Monday, November 4, 2024

the most expensive words to come out of Washington since 'Mission Accomplished' (100 days to pretend you understand curling)


The Winter Olympics are just 100 days away! That means you have just 100 days to pretend you understand curling. –Jimmy Fallon


"Hey, the health care bill was introduced yesterday. It's 1,990 pages long and costs $894 billion dollars. Or $2.2 million per word. That makes them the most expensive words to come out of Washington since 'Mission Accomplished.'" --Jimmy Fallon


https://idiocracy23.blogspot.com/2023/12/baby-baby-all-time-when-do-we-want.html

“A magisterial collection. A combination of Bukowski’s Last Night of the Earth 

and Orwell’s 1984.”



 

Saturday, November 4, 2023

That means you have just 100 days to pretend you understand curling (a tie that was made in America)
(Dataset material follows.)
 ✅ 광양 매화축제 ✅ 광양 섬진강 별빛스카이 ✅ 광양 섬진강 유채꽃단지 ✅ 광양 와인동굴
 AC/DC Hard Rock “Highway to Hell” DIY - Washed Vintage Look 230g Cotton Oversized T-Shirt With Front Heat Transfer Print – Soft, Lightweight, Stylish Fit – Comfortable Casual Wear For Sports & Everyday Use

A tech blogger in California used a weather balloon to drop an iPhone from the edge of space, at 100,000 feet in the air, to see what would happen — and still, somehow the phone landed in the guy’s toilet. –Jimmy Fallon


The Winter Olympics are just 100 days away! That means you have just 100 days to pretend you understand curling. –Jimmy Fallon


A new poll finds that Donald Trump and Hillary Clinton are in a statistical tie just a week from Election Day. But on the bright side, at least Trump’s finally in a tie that was made in America. –Jimmy Fallon


https://idiocracy23.blogspot.com/2022/08/1001-ways-to-make-america-great-and.html

“A magisterial collection. A combination of Bukowski’s Last Night of the Earth 

and Orwell’s 1984.”



 

Wednesday, February 1, 2023

Hey man, that’s the key to every party (those two are known as "the spectrum")
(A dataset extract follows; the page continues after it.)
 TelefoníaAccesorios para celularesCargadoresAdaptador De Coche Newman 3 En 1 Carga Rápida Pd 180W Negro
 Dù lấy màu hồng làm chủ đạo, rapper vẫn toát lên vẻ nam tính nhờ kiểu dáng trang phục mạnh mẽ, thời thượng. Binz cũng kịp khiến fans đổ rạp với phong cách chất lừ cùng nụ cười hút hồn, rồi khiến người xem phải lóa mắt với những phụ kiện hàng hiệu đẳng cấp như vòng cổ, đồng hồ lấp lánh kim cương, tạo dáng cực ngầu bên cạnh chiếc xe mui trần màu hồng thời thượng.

"The royal family has reportedly burned through its money and is now strapped for cash. In fact, Queen Elizabeth needs money so badly she’s now co-starring in the next Nicolas Cage movie." –Conan O’Brien


An analyst for Time magazine says the key to the survival of the Republican Party is bringing in young women. When told this, Bill Clinton said, "Hey man, that’s the key to every party." –Conan O’Brien


"In anticipation of the Winter Olympics, a female curling champion released some sexy photos of herself curling in lingerie. When asked for comment, Americans said they're still not going to watch curling." –Conan O'Brien


Today, Leonardo DiCaprio met with Pope Francis. In terms of number of sexual partners, those two are known as "the spectrum". –Conan O’Brien


https://idiocracy23.blogspot.com/2022/08/1001-ways-to-make-america-great-and.html

“A magisterial collection. A combination of Bukowski’s Last Night of the Earth 

and Orwell’s 1984.”



 

Sunday, April 24, 2022

Should students learn why he wasn't allowed to play? (the aircraft carrier the U.S.S. Metaphor)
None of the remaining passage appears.